27 April 1997 AUA97\PCABCL2.MS-- 500 words
bcl-2 gene makes PCa hormone-refractory
but RNA catalyst destroys it
New Orleans--A gene that makes prostate cancer cells hormone-refractive has been disabled by an enzyme-like RNA molecule.
"We believe that hormone resistance in the prostate cancer cell is linked to the expression of a protein called bcl-2," said Ralph Buttyan, MD, associate professor at Columbia University, New York, at the AUA's 92nd Annual Meeting.
"bcl-2 protects cells from dying," said Dr. Buttyan. "It's expressed at very high levels in hormone-refractory prostate cancer but it's expressed at very low levels in normal prostate cancer," he said.
bcl-2 regulates apoptosis. When it is completely absent, cells die. When it is present at normal levels, cells live normally, and die in response to apoptosis signals. When it is overexpressed, cells ignore apoptosis signals and become immortal.
One anti-cancer strategy is to inactivate the DNA of cancer-causing genes. Complementary or anti-sense DNA, for example, can bind to the messenger RNA (mRNA) of a specific protein and stop the cell from synthesizing that protein. A group from Royal Marsden Hospital, London, reported, in the April 19 Lancet, a phase I/IIa clinical trial with anti-sense bcl-2 DNA for failed non-Hodgkin's lymphoma. The National Cancer Institute is planning Phase I trials for anti-sense bcl-2 DNA in prostate cancer.

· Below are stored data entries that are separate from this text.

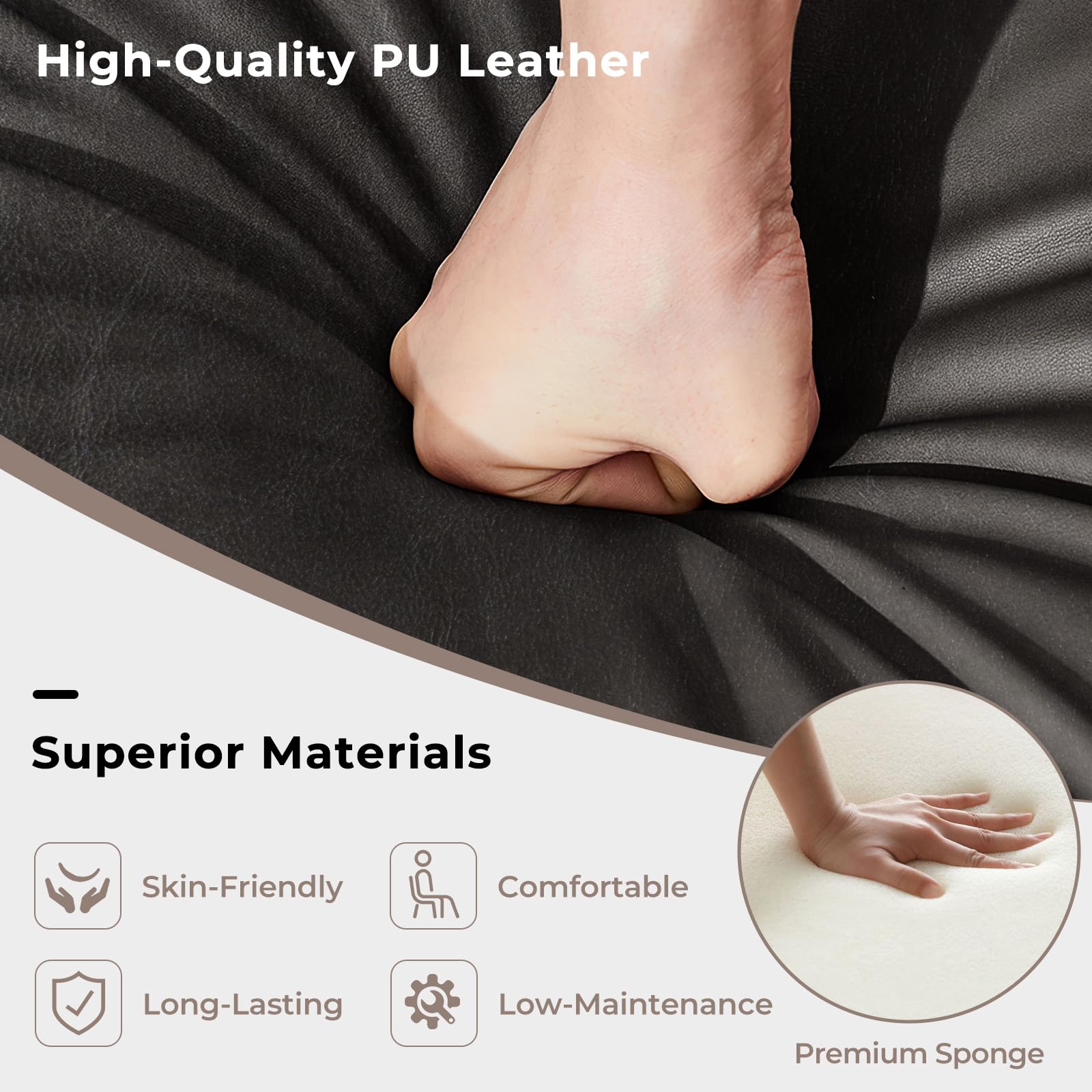 All for comfortable sitting, these bar chairs offer optimal seating posture, thanks to their inclined backrest and 8” high footrest that allows for leg stretching. Sink into the thick seat, which is made of premium PU leather and sponge to reduce the sedentary fatigue. Crafted from solid rubber wood, these bar chairs offer stability and a secure seating experience, with a load capacity of up to 275 lbs. The natural grains of the rubber wood add warmth and character to any space, making these chairs versatile for both everyday dining and special gatherings. Assembly is a breeze with clear instructions and all necessary components included. Each chair measures 16.5”L x 19.5”W x 39”H, completing your perfect seating arrangement.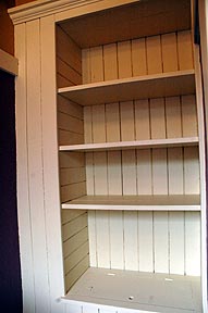 The plaster was too heavily damaged above the built in cabinet, so Kass continued the bead board look above it to tie in with the room! |
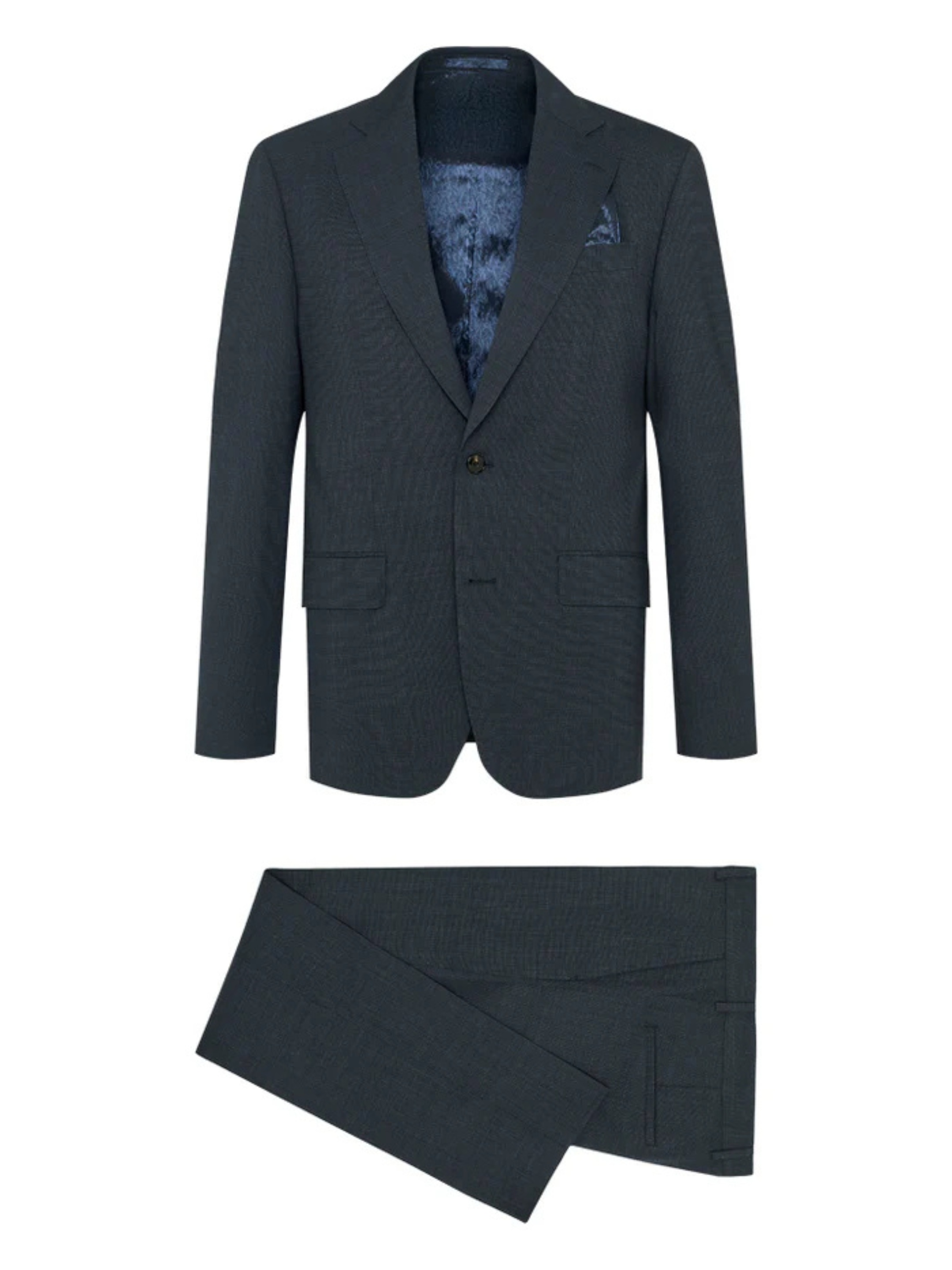 Blazer Classic lapel Light constructed shoulders AMF stitch Chest / Flap pockets Two vents on back Fully lined blazer' Fine Italian fabric Trousers Straight leg Concealed zip with button Hook ... Sjá nánar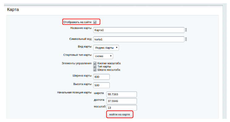 Чтобы добавить карту, перейдите в “Конетент” → “Карты” → “Добавить” . Поставьте галочку напротив пункта “Отображать на сайте”, установите стартовый тип карты, впишите ее название, выберите вид карты (Яндекс/Google), найдите нужный адрес, кликнув на “Найти на карте”:

Dr. Buttyan's group has developed an agent called a ribozyme, which is an enzyme-like RNA molecule. "It has catalytic activity," he explained. "It can recognize, bind to, and specifically destroy bcl-2 mRNA in vitro and in vivo."
"The beauty of a ribozyme," added Eric Goluboff, MD, assistant professor of urology at Columbia, "is that a single molecule of a ribozyme can cleave hundreds or thousands of mRNAs, whereas an antisense DNA can only bind to one mRNA. Milligrams of mRNA can be cleaved by micrograms of ribozymes."
When the anti-bcl-2 ribozyme is transfected into normal LNCaP prostate cancer cells, with low bcl-2, it kills them, said Dr. Buttyan. When it is transfected into refractory prostate cancer cells with high bcl-2, it does not kill them. "But it restores their ability to respond to other chemotherapeutic agents," and kills the cells, he said.
RNA transfection is inefficient, "but we're increasingly learning ways of making it more efficient," said Dr. Buttyan. In this study, they simply added the ribozymes, encapsulated in a lipid-based transfection medium, to the cultured cells.
The next step is to work in mouse models in which bcl-2 expression causes either abnormal prostate growth, or hormone-resistant prostate cancer. "We're hoping to treat these animal models with an adenovirus vector," said Dr. Buttyan, "and effectively cure the hormone resistant prostate cancer in these mice." An adenovirus vector is a virus that carries an engineered gene.
The ribozyme kills the prostate cancer cells by removing their defenses, said Dr. Buttyan. "bcl-2 is a defense against chemotherapy, radiation therapy, and other forms of therapy. We remove it and the cells are now susceptible to the same agents as the early prostate cancers."